Consta que as vítimas foram mortas com tiros de pistola, porém, a pedido da Polícia Civil os corpos não foram periciados, devido a distância da regional da Politec (Perícia Oficial do estado), que fica na cidade de Juína, distante cerca de 300 quilômetros. Os corpos, porém, passaram por necropsia.

A apuração do caso corre em sigilo e até o momento nenhum suspeito foi preso.

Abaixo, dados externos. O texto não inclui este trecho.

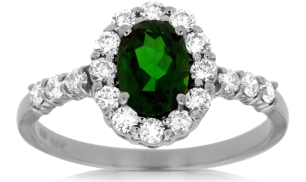 1.4CT DIAMOND & AAA GREEN GARNET 14K WHITE GOLD OVAL HALO FLOWER FRIENDSHIP RING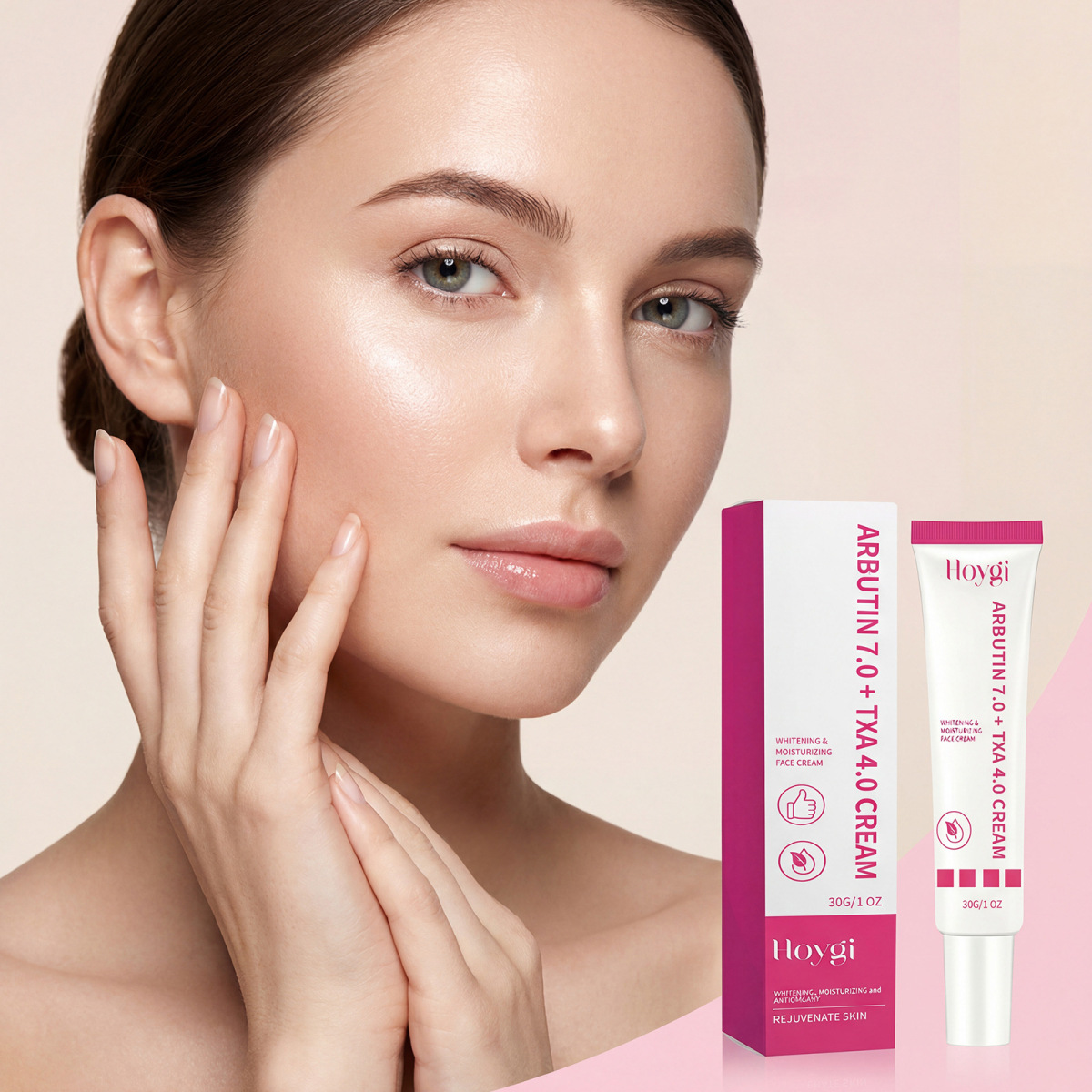 Ingredients: water, arbutin, mineral oil, glycerin, thrombotic acid, glyceryl stearate, 1,2- hexanediol, carbomer, arginine, allantoin, nicotinamide.

Josias, que residia com a mulher em um assentamento da região, esteve em Cuiabá cerca de duas semanas antes de ser morto e denunciou durante audiência pública com a Ouvidoria Agrária Nacional, que estava sofrendo ameaças de morte. As ameaças seriam pelo fato de ele ter denunciado crimes como grilagem de terras que teriam sido promovida por fazendeiros, expedição de títulos irregulares pelo estado e a extração ilegal de madeira, sendo que esta última estaria sendo facilitada pela polícia.


Conforme o G1, o Ministério Público encaminhou ofício ao governo pedindo providências urgentes e a inclusão das pessoas ameaçadas de morte na região no programa de proteção à testemunha. No pedido também foi incluída a região de União do Sul, onde três dias antes uma integrante do Movimento dos Trabalhadores Sem Terra (MST), foi morta a tiros em uma área de litígio. 


Somente no ano passado, 27 pessoas ligadas ao campo sofreram ameaças de morte, sendo registrados três assassinatos. Em 2012 foram 21 ameaças e em 2011, 10, conforme dados da Comissão Pastoral da Terra (CPT).